Insects are even further removed from humans in evolution and are now documented to have advanced individual intelligence, including bees, ants and termites (see posts on bees, termites and ants). The insect brain is extremely small and quite different from the others, but recent research shows great similarity in the analysis of motion in the retinas of flies and mammals.
Perhaps, the furthest removed is the octopus (also cuttlefish and squid). A recent post outlined genetic and behavioral analysis of the octopus, which shows advanced intelligence and very unique capacities. The octopus diverged in evolution from all the other intelligent creatures that have bones and vertebrae more than 500 million years ago. Despite completely separate evolution for half a billion years, the octopus, also, arrived at advanced intelligence. It was probably the first highly intelligent creature on Earth.
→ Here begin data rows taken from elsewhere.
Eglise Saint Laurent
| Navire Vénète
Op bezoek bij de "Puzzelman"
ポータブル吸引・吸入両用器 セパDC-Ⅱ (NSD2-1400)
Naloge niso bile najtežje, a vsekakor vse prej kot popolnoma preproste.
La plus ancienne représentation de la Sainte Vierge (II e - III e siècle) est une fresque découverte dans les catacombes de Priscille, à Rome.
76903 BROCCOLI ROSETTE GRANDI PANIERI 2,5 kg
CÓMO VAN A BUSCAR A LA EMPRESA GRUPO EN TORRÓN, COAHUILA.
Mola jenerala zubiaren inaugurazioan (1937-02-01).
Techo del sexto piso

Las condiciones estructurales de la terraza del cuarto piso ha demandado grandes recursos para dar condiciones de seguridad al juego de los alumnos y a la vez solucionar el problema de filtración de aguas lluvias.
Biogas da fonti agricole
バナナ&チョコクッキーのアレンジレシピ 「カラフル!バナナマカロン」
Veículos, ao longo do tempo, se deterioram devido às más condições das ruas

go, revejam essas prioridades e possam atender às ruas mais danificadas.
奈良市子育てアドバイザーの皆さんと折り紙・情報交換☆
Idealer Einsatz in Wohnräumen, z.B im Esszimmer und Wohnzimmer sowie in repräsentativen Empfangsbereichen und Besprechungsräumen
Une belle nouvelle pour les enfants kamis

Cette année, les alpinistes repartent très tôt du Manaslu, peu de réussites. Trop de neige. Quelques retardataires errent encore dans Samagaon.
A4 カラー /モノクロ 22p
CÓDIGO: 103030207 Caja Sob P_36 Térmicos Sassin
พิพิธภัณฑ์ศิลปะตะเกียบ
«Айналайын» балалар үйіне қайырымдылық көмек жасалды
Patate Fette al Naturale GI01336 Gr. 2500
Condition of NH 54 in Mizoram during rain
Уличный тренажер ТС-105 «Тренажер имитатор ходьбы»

In the human brain, use of the mind builds neuronal connections and circuits through neuroplasticity. Mental activity affects circuits, synapses, genetic networks and molecules to build and prune brain circuits. Therefore, it is reasonable that the intensions and desires of the small evolving creatures influence specific cellular and genetic pathways for increasing brain structures that can receive and utilize more advanced intelligence in the animal. More discussion of mind’s influence is presented after details about octopuses, birds, lizards, insects, dogs and electric fish.
With a separation of 500 million years in evolution, advanced cognitive traits started in the octopus hundreds of million years ago, much earlier than mammals. Octopus ancestors are, perhaps, the first intelligent beings on Earth, appearing before the first fish.
Octopuses learn rapidly, solve advanced problems and mazes and make tools as well as crows. They are very curious and interactive. They spread cultural information, mimic fish and communicate using colors, patterns and flashing. They pick up coconut shell halves and sea shells, carry them along and if threatened flip them over their head to conceal themselves. Covered with two shells, they can see through a small opening slit between the two halves. Their intelligence does not appear to be related to complex social groups (as had been assumptions of intelligence in mammals.)
Since they have no claws or jaws, they defend themselves by changing their appearance with elaborate camouflage based on three unique evolutionary inventions. They can hide in plain sight and can mimic other fish. With their eight arms, they manipulate objects as well as the human hand.
The octopus brain is relatively larger than reptiles and fish, smaller than mammals and birds. It has 500 million neurons, similar to a dog, six times more than a mouse. The brain is divided into three parts each with a hierarchy. Their Vertical Lobe (VL) is organized like the human hippocampus using a large amount of connections, which converges in fewer outputs to the peduncle controlling movement like the cerebellum. They do not use myelin but rather have very connected hubs near each other and very small neurons that are close together for advanced processing.
The brain is distributed, with 50 million neurons in the central nervous system, 150 million with their eyes (outside the CNS) and 300 million in eight arms that can think somewhat independently. It looks like a mammal brain with 40 lobes with outer cell bodies (grey matter) and inner axons (white matter). The optic lobe has three cortical layers like the human retina. A region is similar to the human cerebellum with granular-like cells and thin parallel fibers and, also, coordinates movement and eye motor coordination.
The VL learning center is more specific to memory and learning than mammal centers. Without the VL, everything functions except memory. The VL has two layers with glutamate transmission and then acetylcholine. It has similar neuroplasticity to humans. It has 25 million very small interneurons (most of the CNS) connected with 65,000 very large neurons. The large neurons connect to a region like the human thalamus which filters sensory information. The VL has gyri like human brains to make the surface area greater. Electric properties of VL neurons are surprisingly like mammal brains with cell bodies that are not excited and similar axon and dendrite connections. It uses some similar neurotransmitters and has similar neuroplasticity.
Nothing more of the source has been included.